Assigned task> Though the entries contain pictures, the copy you make should hold only the rest, exactly as written.

┄┄┄┄┄┄┄┄┄┄

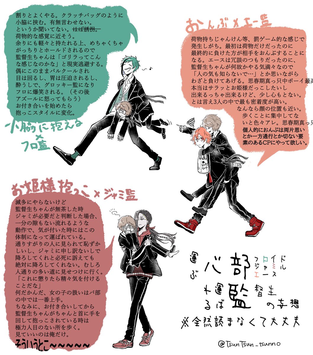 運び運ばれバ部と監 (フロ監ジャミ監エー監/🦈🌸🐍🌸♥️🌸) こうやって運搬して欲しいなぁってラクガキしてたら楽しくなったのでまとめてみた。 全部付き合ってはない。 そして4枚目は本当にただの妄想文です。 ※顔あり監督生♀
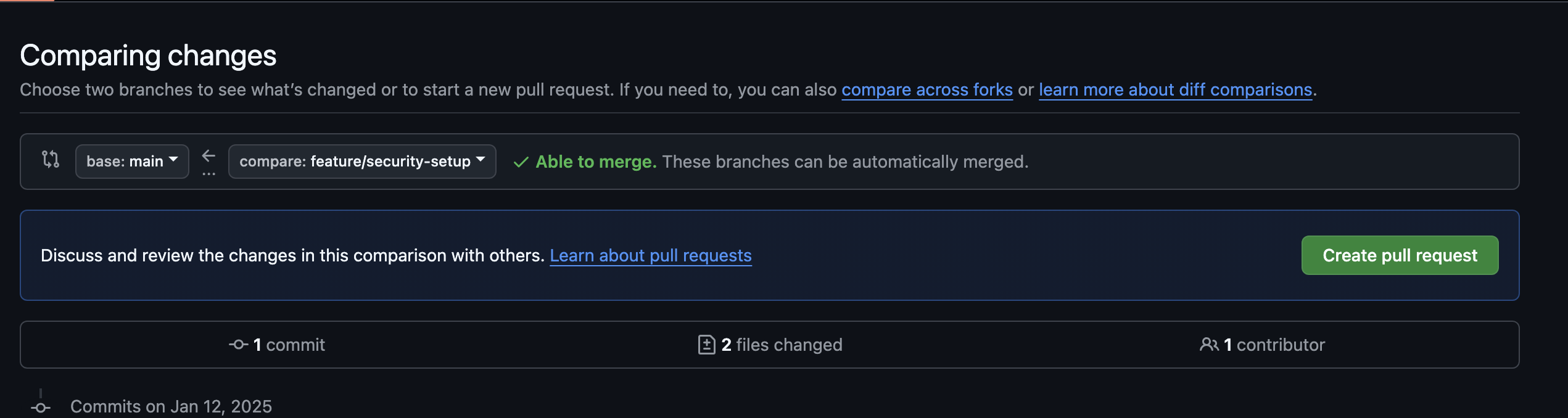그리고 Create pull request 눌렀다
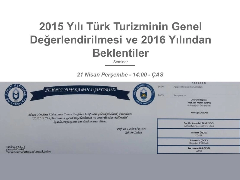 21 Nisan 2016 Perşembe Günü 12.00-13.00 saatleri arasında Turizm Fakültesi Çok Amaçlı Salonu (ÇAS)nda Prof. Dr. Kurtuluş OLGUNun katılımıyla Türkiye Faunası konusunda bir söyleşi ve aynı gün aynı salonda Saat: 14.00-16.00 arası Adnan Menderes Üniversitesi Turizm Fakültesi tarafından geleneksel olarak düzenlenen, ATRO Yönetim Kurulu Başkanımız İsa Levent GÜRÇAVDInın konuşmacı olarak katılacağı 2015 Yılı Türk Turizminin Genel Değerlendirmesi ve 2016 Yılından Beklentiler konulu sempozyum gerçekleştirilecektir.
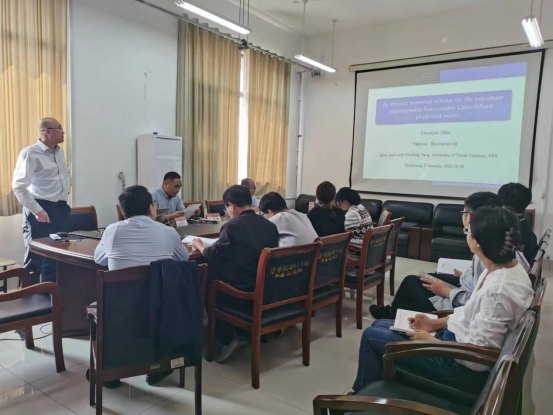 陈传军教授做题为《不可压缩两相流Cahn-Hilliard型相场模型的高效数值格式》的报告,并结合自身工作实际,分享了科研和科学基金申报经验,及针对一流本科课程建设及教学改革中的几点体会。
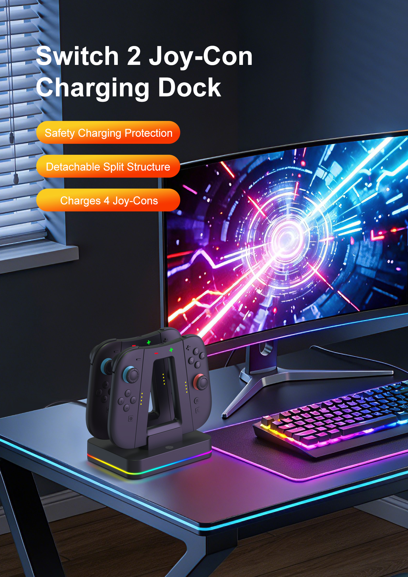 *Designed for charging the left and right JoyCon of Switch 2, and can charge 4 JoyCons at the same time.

┄┄┄┄┄┄┄┄┄┄

Result for this task>
 運び運ばれバ部と監 (フロ監ジャミ監エー監/🦈🌸🐍🌸♥️🌸) こうやって運搬して欲しいなぁってラクガキしてたら楽しくなったのでまとめてみた。 全部付き合ってはない。 そして4枚目は本当にただの妄想文です。 ※顔あり監督生♀
그리고 Create pull request 눌렀다
 21 Nisan 2016 Perşembe Günü 12.00-13.00 saatleri arasında Turizm Fakültesi Çok Amaçlı Salonu (ÇAS)nda Prof. Dr. Kurtuluş OLGUNun katılımıyla Türkiye Faunası konusunda bir söyleşi ve aynı gün aynı salonda Saat: 14.00-16.00 arası Adnan Menderes Üniversitesi Turizm Fakültesi tarafından geleneksel olarak düzenlenen, ATRO Yönetim Kurulu Başkanımız İsa Levent GÜRÇAVDInın konuşmacı olarak katılacağı 2015 Yılı Türk Turizminin Genel Değerlendirmesi ve 2016 Yılından Beklentiler konulu sempozyum gerçekleştirilecektir.
 陈传军教授做题为《不可压缩两相流Cahn-Hilliard型相场模型的高效数值格式》的报告,并结合自身工作实际,分享了科研和科学基金申报经验,及针对一流本科课程建设及教学改革中的几点体会。
 *Designed for charging the left and right JoyCon of Switch 2, and can charge 4 JoyCons at the same time.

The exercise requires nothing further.